Wronikowski v. General Hotels Corp.

716 F. Supp. 5 | E.D. Mich. | 1989

716 F.Supp. 5 (1989)

Louise F. WRONIKOWSKI, Plaintiff,
v.
GENERAL HOTELS CORPORATION, Defendant.

Civ. A. No. 89-71095.

United States District Court, E.D. Michigan, S.D.

June 23, 1989.

Deborah L. Fish, Detroit, Mich., for plaintiff.

Marisa C. Petrella, Harvey, Kruse, Westen & Milan, P.C., Detroit, Mich., for defendant.

OPINION AND ORDER

FEIKENS, District Judge.

This matter is before me on defendant's motion to quash service of process, to dismiss for lack of personal jurisdiction, or to transfer venue pursuant to 28 U.S.C.A. § 1404(a). I conclude that exercise of jurisdiction over this case does not violate the due process clause of the Fourteenth Amendment.

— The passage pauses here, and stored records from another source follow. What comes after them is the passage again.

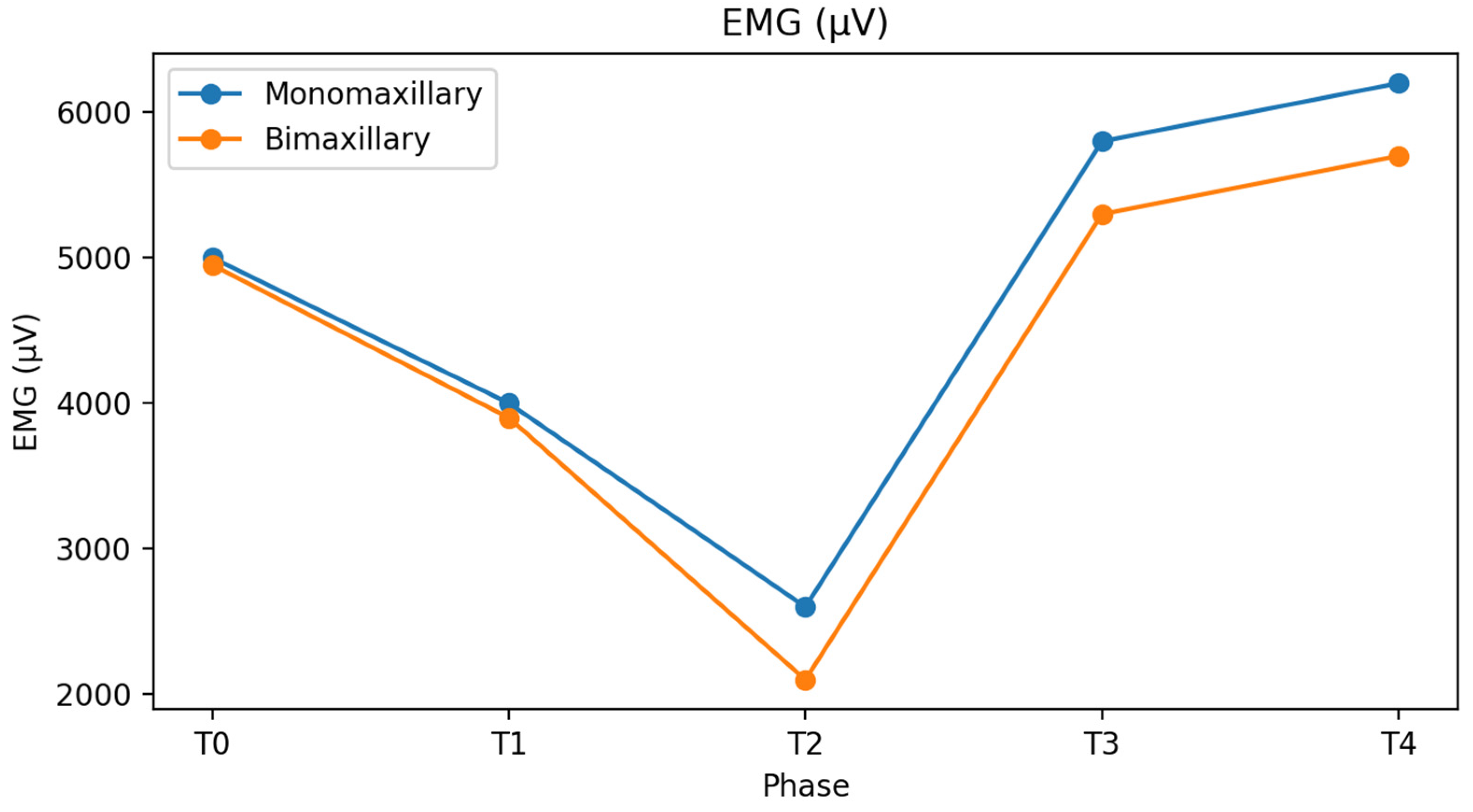 Electromyographic activity expressed in microvolts followed a comparable pattern. All patients showed signs of neuromuscular decompensation after the initiation of orthodontic treatment, without significant differences between surgical approaches. During the subsequent phases, monomaxillary patients demonstrated a more homogeneous recovery, whereas bimaxillary patients exhibited wider inter-individual variability. This variability has been extensively documented in the literature and reinforces the concept that neuromuscular adaptation after orthognathic surgery is highly patient-specific and modulated by multiple factors, including muscle morphology, skeletal pattern, and adaptive capacity [
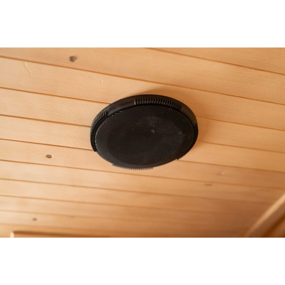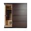Unlike any other sauna on the market today, the Sirona Premium Sauna features a sleek and contemporary design with unprecedented, innovative technology. The engineered-wood exterior panels laminated to "A" Grade, reforested Western Canadian hemlock provide maximum inner cabin heat-retention; while the stylish cabin design features an easy-clasp assembly system, safety glass, heavy-duty door hinges, commercial-grade heating panels, state-of-the-art touch screen control pad, high-performance speakers, interior lighting, chromotherapy and ceiling accent lighting. The handsome, rich mahogany melamine exterior panels accented in black add the final touches to this ultra-modern design that is certain to be an elegant addition to any interior space.
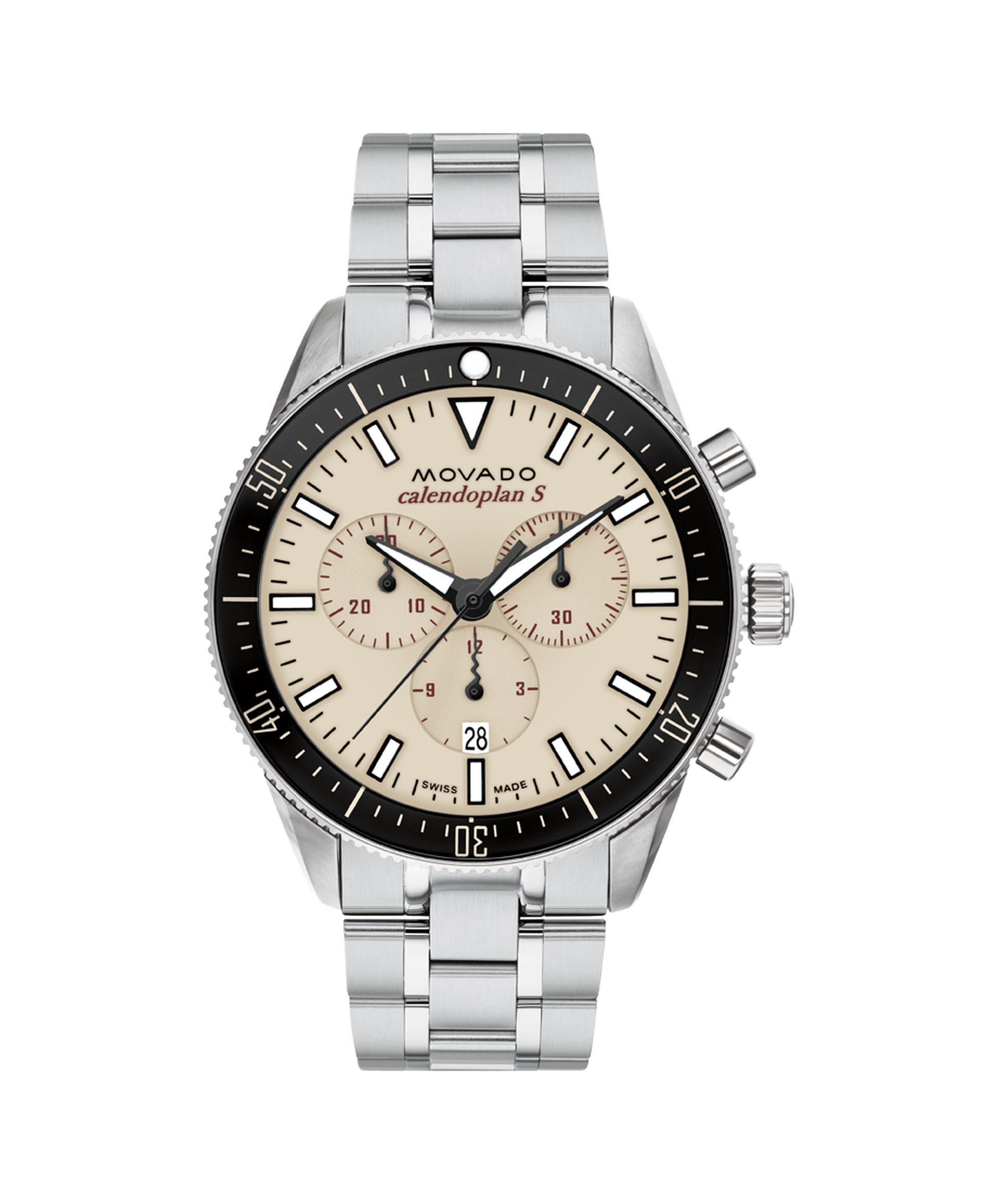 The Heritage Series Calendoplan S modernizes our classic 1950's silhouette with a sporty edge. This 42mm chronograph watch features a sand dial, Swiss Super-LumiNova accents, and a black aluminum bezel.

Wronikowski, a Michigan resident, suffered a slip and fall injury in the LeClub Lounge of the Holiday Inn-North located in Indianapolis, Indiana. Wronikowski is vice president of the board of directors of New England Towne Houses Cooperatives (New England). In that capacity, Wronikowski attended the annual convention of the Midwest Association of Housing Cooperatives (Midwest) which was held at the Holiday Inn-North. It was there and then that she allegedly suffered personal accidental injury. Wronikowski's reservation was booked by Midwest; her accommodations were paid by New England.

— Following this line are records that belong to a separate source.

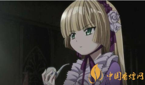 維多利加擁有著絲帶般的金色長發(fā),如天鵝絨頭巾般披散在身上,自然垂落在穿著小巧皮鞋的腳邊,瞳孔閃耀著近乎透明的翡翠綠,側(cè)臉有著陶制品特有的冰冷。身穿裝飾著絲帶和高級蕾絲花邊的哥特風格服裝,嘴里經(jīng)常叼著煙斗。
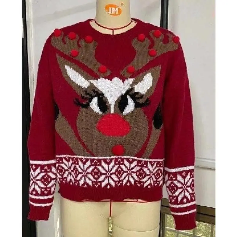 Women's Christmas Reindeer Sweater Red with 3D Pom-Pom Accents Crew Neck Long Sleeve Pullover Unique Festive Knit Top for Christmas Parties Ugly Sweater Contests & Holiday Gatherings Knitwear Womenswear Fits Soft Vibe Winter Fabric
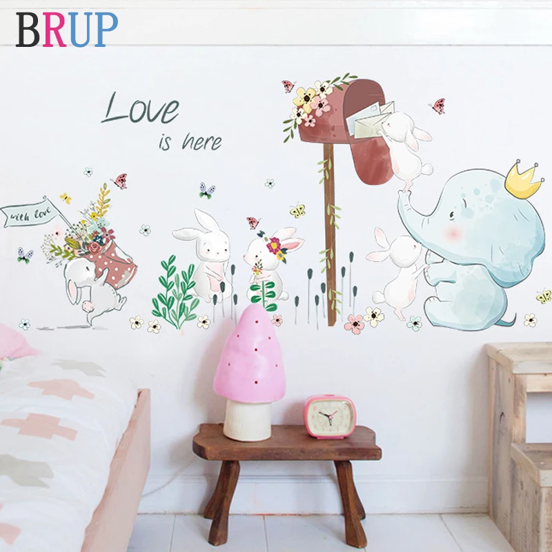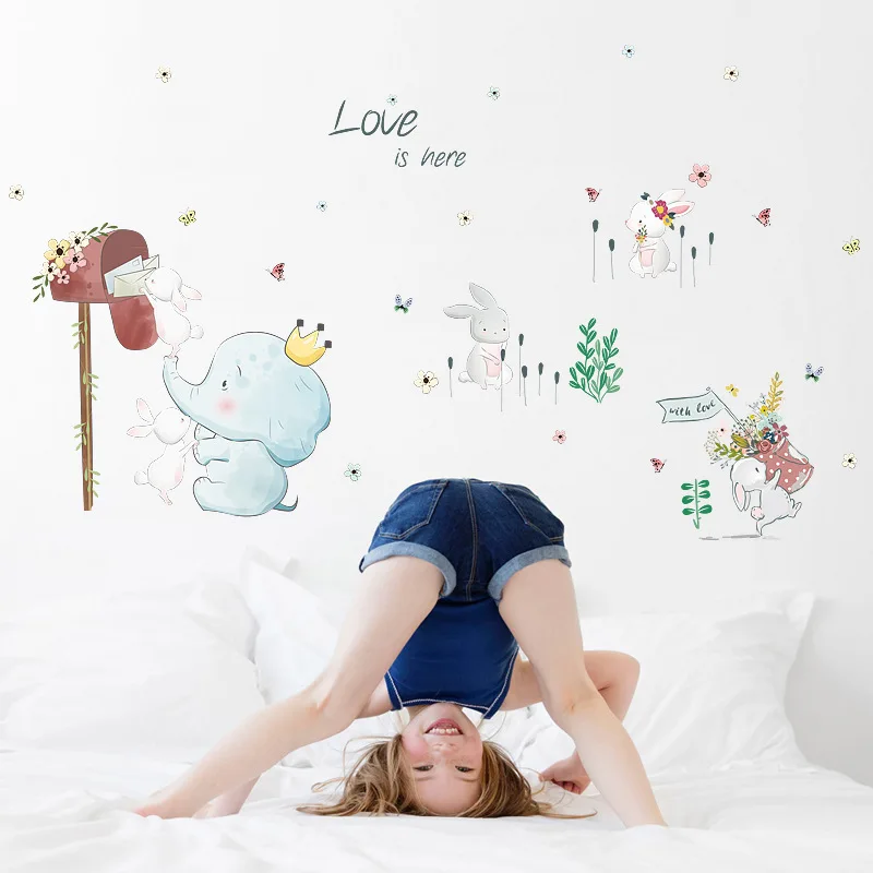 Мультяшные милые животные наклейки на стену для детской комнаты кролики слон приемник электронная почта декоративные винилы для стен декор для комнаты

General Hotels Corporation is an Indiana corporation doing business as the Holiday Inn-North and LeClub Lounge. General Hotels manages the Holiday Inn-North on behalf of an Indiana partnership. The partnership is a franchisee of Holiday Inn, Inc. Subject matter jurisdiction is predicated upon diversity of citizenship.

I. Service of Process

The summons in this case was served in Indiana by mail. Fed.R.Civ.P. 4(f) limits effective service of process to the state where the district court sits. Therefore the summons was served improperly. Nonetheless defendant admitted at oral argument that it had waived its right to challenge defective service by failing to object in its first responsive pleading. Thus I turn to the question of personal jurisdiction.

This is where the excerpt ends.